Saddled with the difficult role of Cliff is Pierre Tannous... He exudes enough charisma to make us care about someone who starts off a buttoned-down observer but whose emerging social conscience forces him to care about what is happening around him.

Elissa D. Solomon does a fine job as the pragmatic survivor Fraulein Schneider… Michael H. Small portrays yet another his patented affable uber-mensch as the Jewish grocer Herr Schultz.

For all the effort being expended, the overall production seems noticeably muted, even falling a shade short of what it aims for. Some of this may be that Stage Door is using a pre-recorded digital orchestra. While they could not afford a large enough live band to matter, the immediacy and clarion sound of on-stage musicians usually elevates the electricity further.

Christine Dolen reviewed for The Miami Herald:

Kelley’s take on the show is, like that of revival director Sam Mendes, erotically charged and reflective of Berlin cabaret performers’ lives (onstage and off) as the Nazis rose to power.  One key difference is that the Stage Door cast doesn’t double as the orchestra at the show’s fictional Kit Kat Klub… all the performers sing along to recorded tracks, shutting down any in-the-moment give and take between actors and musicians. Go to any show with live music — Slow Burn Theatre’s Bonnie & Clyde and Ragtime at Actors’ Playhouse are just two currently running — and you’ll feel that difference.

Kelley, who doubles as the show’s costume designer, has cast his production well, mixing Stage Door first timers with familiar faces.

Ronen Bay, flirtaceous and pointedly androgynous, is appealing and in control as the Emcee…

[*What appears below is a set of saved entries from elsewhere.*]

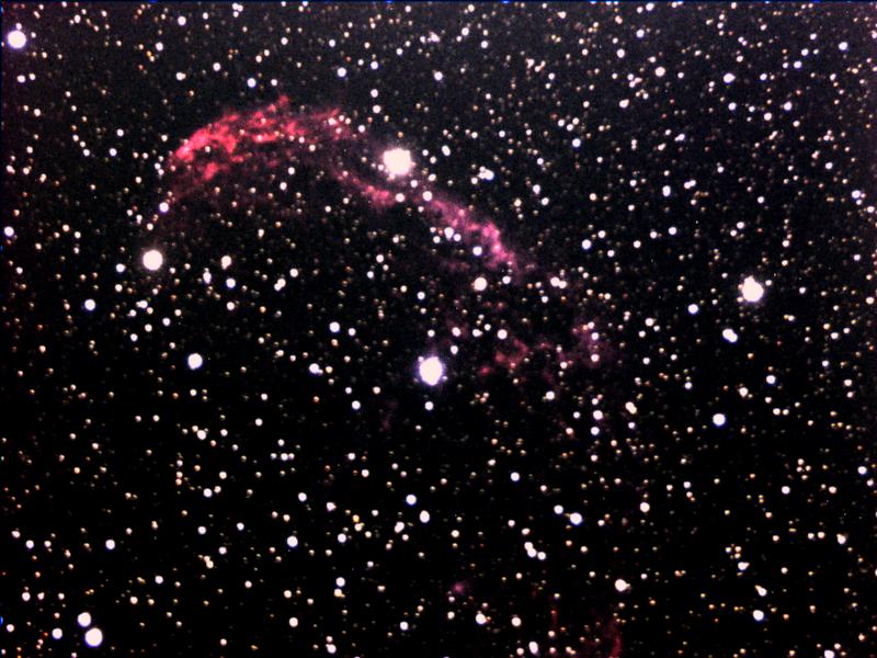 Das obige Bild ist der erste Versuch, das SBIG-Filterrad zweckentsprechend einzusetzen. Das LRGB-Bild vom NGC 6888 entstand am 28.05.2003. Bei diesem Bild hat es aber ein Problem beim Hintergrund gegeben. Deutlich ist der Helligkeitsgradient von oben nach unten zu erkennen. Wahrscheinlich sind die Flat-Frames nicht korrekt aufgenommen worden.
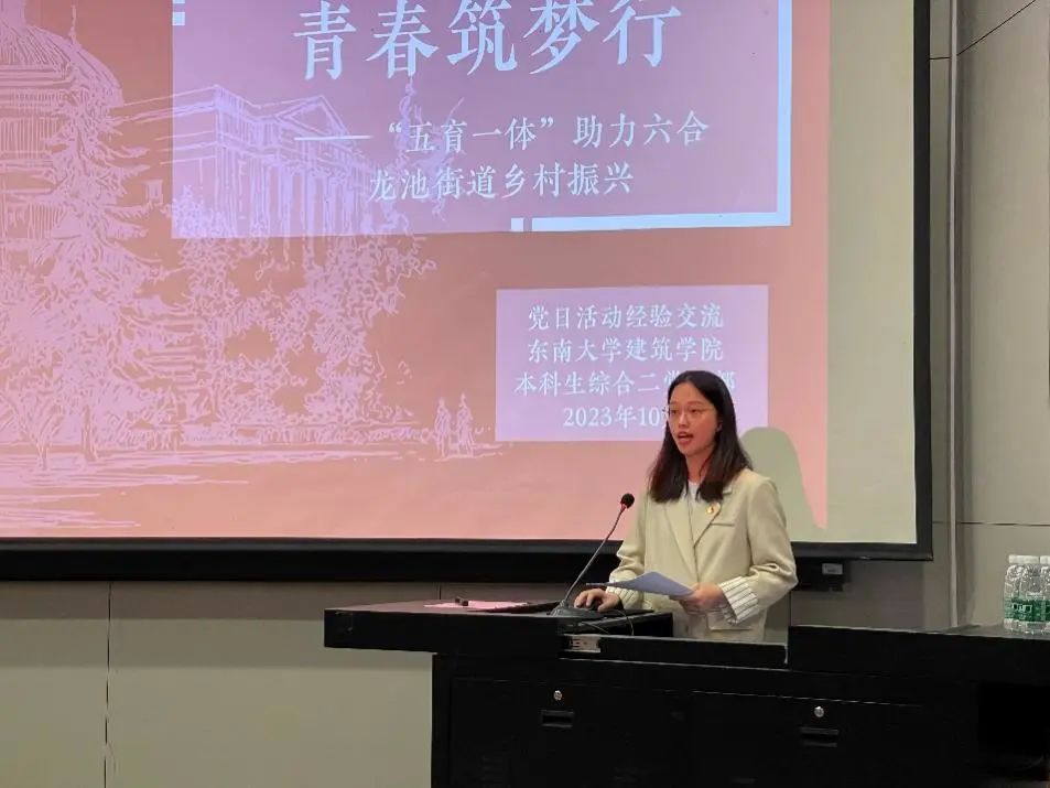 本科生综合二党支部宣传委员王婧铖围绕《成长手拉手,青春筑梦行——五育一体助力六合龙池街道乡村振兴》进行经验分享。支部聚焦“乡村振兴”时代课题,学深悟透总书记勉励精神,依托校地共建乡村振兴工作站,发挥党支部成员的专业特长,在六合当地开展“五育”系列实践服务,将青年党员的报国热情和乡村振兴的需求相结合,以实际行动践行党的二十大精神。
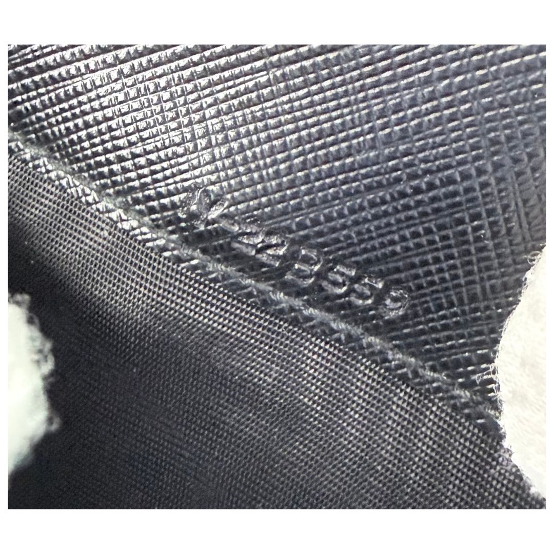 Black saffiano leather remains structured, rich in colour, and beautifully maintained. Only minimal signs of wear visible upon close inspection.
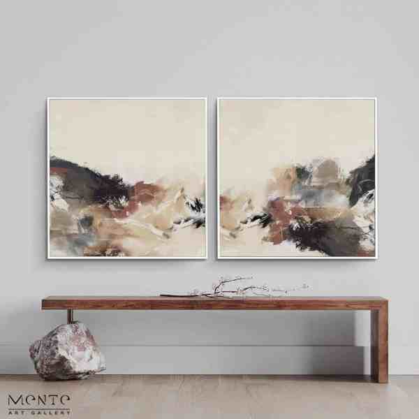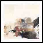 This is a handmade abstract painting that exudes a sense of calm and serenity. The painting features a white background, framed in black, providing a stark canvas for the play of colors. The artwork showcases a mix of colors, including beige, brown, black, and gray. These colors are applied in a loose and fluid manner, creating a sense of movement and depth that draws the viewer in. The painting has a textured appearance, with visible brushstrokes and layering of colors adding to its tactile appeal.
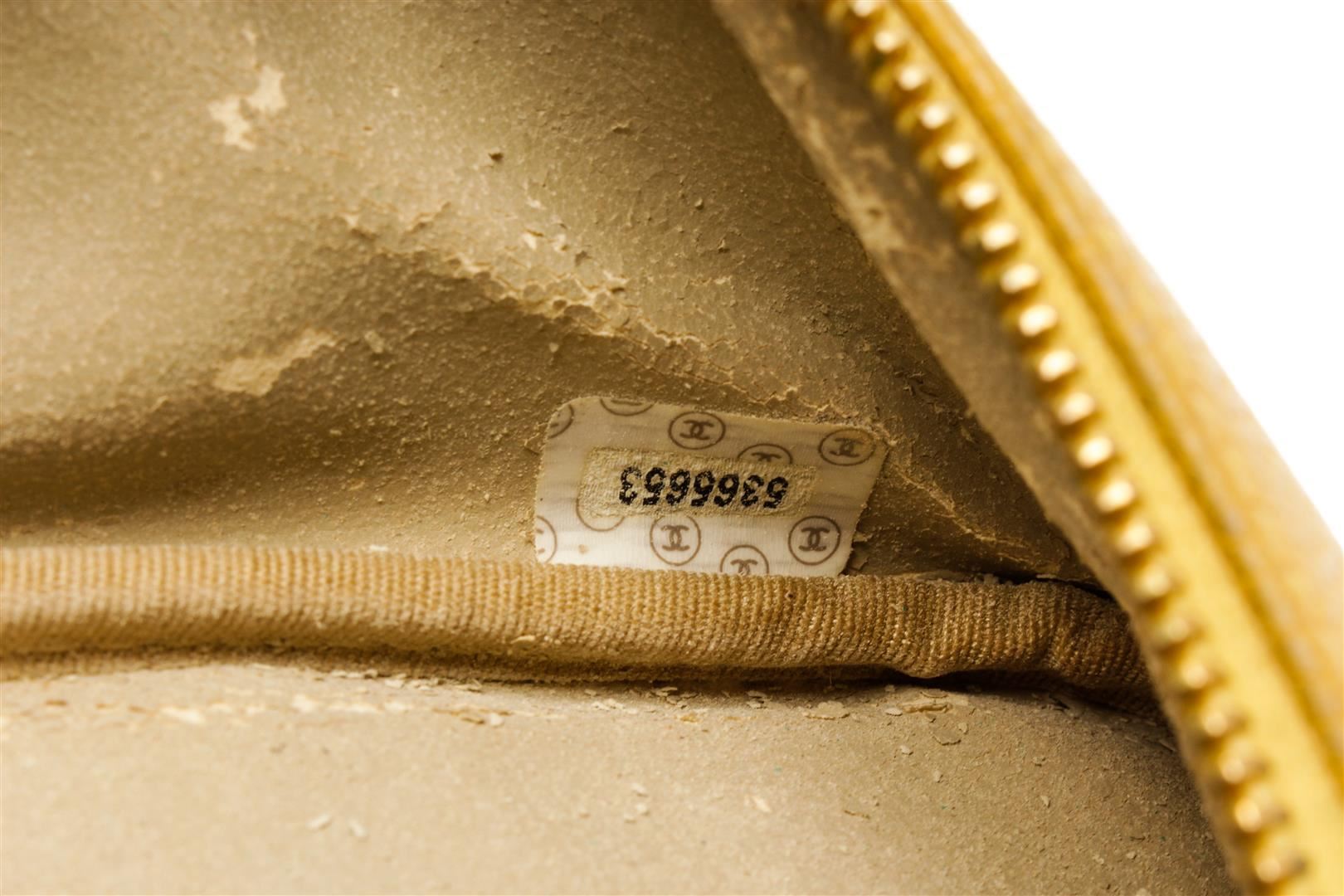 Chanel Yellow Caviar Leather Small CC Vanity Cosmetic Bag. All available information is listed in the description and shown in the photos. Chanel Yellow Caviar Leather Small CC Vanity Cosmetic Bag with featuring a top handle, an all around zip fastening, a front embossed logo stamp, gold-tone hardware, an internal mirror, an internal logo patch and a white lining. Height: 2.8" Width: 5.9" Depth: 3.1", Handle Drop: 0.6" / 7 x 15 x 8 Cm
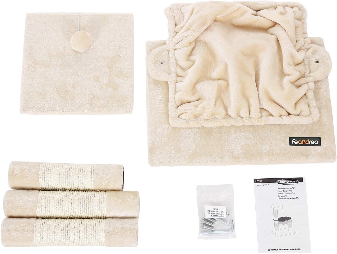 Einfache Montage: Der Baum ist einfach zu montieren. Die Werkzeuge sowie eine verständliche Anleitung sind im Lieferumfang enthalten (evtl. nicht in deutscher Sprache). Nach dem Aufbau sieht der Kratzbaum als Dekoration wunderschön aus.
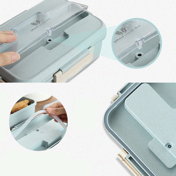 Giới thiệu Hộp cơm lúa mạch 3 ngăn mang đi kèm muỗng đũa inox/lúa mì tiện lợi
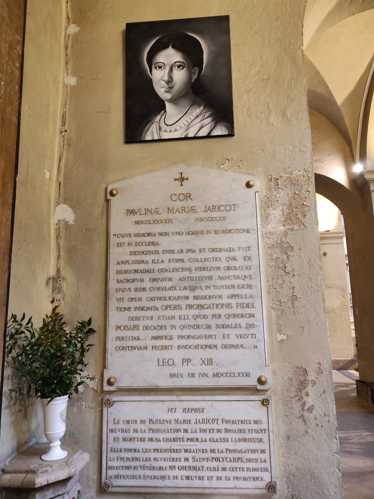 C’est dans l’église Saint-Polycarpe, où la famille Jaricot, très pieuse, vient souvent prier, que Pauline va lancer un mouvement de prière et d’action en faveur des missions. Elle s’adresse aux paroissiens, et y lance ses premières collectes pour les missions « le sou de Pauline » ou « sou hebdomadaire ». L’abbé Gourdiat, alors curé de la paroisse Saint-Polycarpe, prendra ensuite en main la direction du début de l’œuvre et en deviendra le trésorier. L’église Saint-Polycarpe est ainsi considérée comme le berceau de l’œuvre de la Propagation de la Foi. C’est pourquoi, en 1889, avec beaucoup de dévotion, le cœur de Pauline Jaricot (morte en 1862) y a été transporté par Mgr Foulon, alors archevêque de Lyon. Il est aujourd’hui encore possible de se recueillir devant le cœur de Pauline, qui se situe dans une chapelle latérale, consacrée à saint François-Xavier, saint patron des missionnaires. Une plaque en marbre blanc apposée sur le mur en indique la place et y sont gravées les premières lignes du bref de Léon XIII du 13 juin 1881, « Ici repose le cœur de Pauline Marie Jaricot… »

Waif-like and strikingly lovely, Amadeo has a sweet, small voice, one that works best when she’s singing with the Kit Kat gals... Selling her solos on Maybe This Time and the title song is a bigger challenge, but Amadeo paints with all of Sally’s colors in the show’s non-musical scenes. She creates a woman who is sexually voracious, pragmatic, exploitative, self-deluded, impractical and irresistible.

Pierre Tannous is a riveting presence. The audience sees the decadence and danger of prewar Berlin through his eyes, and he’s convincing in every moment of that journey. Sadly, he sings just part of one song — Perfectly Marvelous, sung with Sally — and Tannous’ terrific voice makes you wish Cliff had more to say musically.

Elissa Solomon and Michael H. Small are appealing as Fräulein Schneider and Herr Schultz, the older couple whose attraction is doomed by the rising Nazi tide…  Katrina Michaels luxuriates in the brazenness of Fräulein Kost, and Ben Prayz finds the balance of charm and menace in Ernst Ludwig.

With feelings of menace and unease so widespread in the world today, with the ugly resurgence of antisemitism, Stage Door’s Cabaret may seem particularly relevant and resonant to many who see it. Yes, it’s a musical, and it’s entertaining. But it endures because it is an insightful piece of art.

Cabaret plays at the Broward Stage Door Theatre through March 15, 2015.